Nothing but the lines from the one that contains "从品质来看,以美国为代表的发" to the end of the records should be printed, both ends included, exactly as given.

Data extracted from a collection
*** Block opens ***

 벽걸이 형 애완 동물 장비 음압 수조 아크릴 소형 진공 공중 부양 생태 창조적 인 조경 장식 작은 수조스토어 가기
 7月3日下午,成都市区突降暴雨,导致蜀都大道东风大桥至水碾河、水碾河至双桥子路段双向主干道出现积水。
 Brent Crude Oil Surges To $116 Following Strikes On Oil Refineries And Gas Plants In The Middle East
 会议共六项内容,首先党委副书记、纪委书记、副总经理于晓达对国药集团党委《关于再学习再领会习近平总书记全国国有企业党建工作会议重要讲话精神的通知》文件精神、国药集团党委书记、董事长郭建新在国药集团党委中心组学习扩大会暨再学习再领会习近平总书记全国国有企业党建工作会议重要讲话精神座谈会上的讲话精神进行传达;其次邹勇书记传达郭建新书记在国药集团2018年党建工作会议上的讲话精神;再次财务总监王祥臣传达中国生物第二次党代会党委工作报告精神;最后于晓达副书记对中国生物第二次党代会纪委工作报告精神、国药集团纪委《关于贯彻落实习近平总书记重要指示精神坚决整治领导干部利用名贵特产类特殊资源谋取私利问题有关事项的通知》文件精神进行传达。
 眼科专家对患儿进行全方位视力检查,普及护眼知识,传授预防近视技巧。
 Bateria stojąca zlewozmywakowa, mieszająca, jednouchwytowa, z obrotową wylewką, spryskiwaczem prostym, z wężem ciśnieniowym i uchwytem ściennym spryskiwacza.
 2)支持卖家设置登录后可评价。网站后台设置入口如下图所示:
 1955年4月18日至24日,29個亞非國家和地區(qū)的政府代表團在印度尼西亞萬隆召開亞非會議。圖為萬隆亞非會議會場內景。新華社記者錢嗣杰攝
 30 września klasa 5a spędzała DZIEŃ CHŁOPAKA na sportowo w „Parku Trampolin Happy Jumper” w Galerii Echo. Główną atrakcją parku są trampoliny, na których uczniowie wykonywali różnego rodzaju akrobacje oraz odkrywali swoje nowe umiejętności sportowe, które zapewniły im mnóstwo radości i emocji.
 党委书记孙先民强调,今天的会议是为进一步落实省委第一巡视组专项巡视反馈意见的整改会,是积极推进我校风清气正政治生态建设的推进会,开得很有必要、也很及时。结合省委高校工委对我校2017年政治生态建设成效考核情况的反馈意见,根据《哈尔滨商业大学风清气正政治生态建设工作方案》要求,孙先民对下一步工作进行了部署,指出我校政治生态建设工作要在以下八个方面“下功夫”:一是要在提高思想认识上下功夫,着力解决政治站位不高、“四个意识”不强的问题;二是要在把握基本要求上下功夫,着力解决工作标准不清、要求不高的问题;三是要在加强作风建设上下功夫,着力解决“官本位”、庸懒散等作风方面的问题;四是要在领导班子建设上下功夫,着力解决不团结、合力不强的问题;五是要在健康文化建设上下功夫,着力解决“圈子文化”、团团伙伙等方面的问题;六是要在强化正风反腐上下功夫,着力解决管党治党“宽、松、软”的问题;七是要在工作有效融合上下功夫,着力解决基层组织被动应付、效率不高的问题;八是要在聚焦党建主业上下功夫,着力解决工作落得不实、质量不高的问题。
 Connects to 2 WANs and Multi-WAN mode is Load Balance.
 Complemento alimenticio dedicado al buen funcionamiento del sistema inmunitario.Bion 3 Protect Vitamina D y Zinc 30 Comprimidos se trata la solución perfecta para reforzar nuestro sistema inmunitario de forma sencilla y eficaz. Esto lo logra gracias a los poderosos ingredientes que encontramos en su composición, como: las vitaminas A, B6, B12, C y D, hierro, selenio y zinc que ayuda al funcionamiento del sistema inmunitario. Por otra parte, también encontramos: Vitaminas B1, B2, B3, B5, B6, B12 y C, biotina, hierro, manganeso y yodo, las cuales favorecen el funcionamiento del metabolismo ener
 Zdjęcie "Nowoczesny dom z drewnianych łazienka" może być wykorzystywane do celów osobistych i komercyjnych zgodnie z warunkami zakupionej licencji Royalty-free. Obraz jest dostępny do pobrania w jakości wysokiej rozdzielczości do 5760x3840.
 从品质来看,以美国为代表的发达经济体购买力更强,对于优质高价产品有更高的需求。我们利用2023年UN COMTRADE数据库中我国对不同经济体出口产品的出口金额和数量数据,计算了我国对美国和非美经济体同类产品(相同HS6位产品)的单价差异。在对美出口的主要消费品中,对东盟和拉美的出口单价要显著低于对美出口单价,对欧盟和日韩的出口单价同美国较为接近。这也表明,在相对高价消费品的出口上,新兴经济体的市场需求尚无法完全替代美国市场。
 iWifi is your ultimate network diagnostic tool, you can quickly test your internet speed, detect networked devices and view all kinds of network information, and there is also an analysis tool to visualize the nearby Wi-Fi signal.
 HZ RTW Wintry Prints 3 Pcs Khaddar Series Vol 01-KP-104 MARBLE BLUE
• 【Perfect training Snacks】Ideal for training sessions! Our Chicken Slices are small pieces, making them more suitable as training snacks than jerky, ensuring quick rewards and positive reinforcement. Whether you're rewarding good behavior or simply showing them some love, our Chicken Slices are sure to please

*** Block closes ***

_WRITTEN RESPONSE:_
 从品质来看,以美国为代表的发达经济体购买力更强,对于优质高价产品有更高的需求。我们利用2023年UN COMTRADE数据库中我国对不同经济体出口产品的出口金额和数量数据,计算了我国对美国和非美经济体同类产品(相同HS6位产品)的单价差异。在对美出口的主要消费品中,对东盟和拉美的出口单价要显著低于对美出口单价,对欧盟和日韩的出口单价同美国较为接近。这也表明,在相对高价消费品的出口上,新兴经济体的市场需求尚无法完全替代美国市场。
 iWifi is your ultimate network diagnostic tool, you can quickly test your internet speed, detect networked devices and view all kinds of network information, and there is also an analysis tool to visualize the nearby Wi-Fi signal.
 HZ RTW Wintry Prints 3 Pcs Khaddar Series Vol 01-KP-104 MARBLE BLUE
• 【Perfect training Snacks】Ideal for training sessions! Our Chicken Slices are small pieces, making them more suitable as training snacks than jerky, ensuring quick rewards and positive reinforcement. Whether you're rewarding good behavior or simply showing them some love, our Chicken Slices are sure to please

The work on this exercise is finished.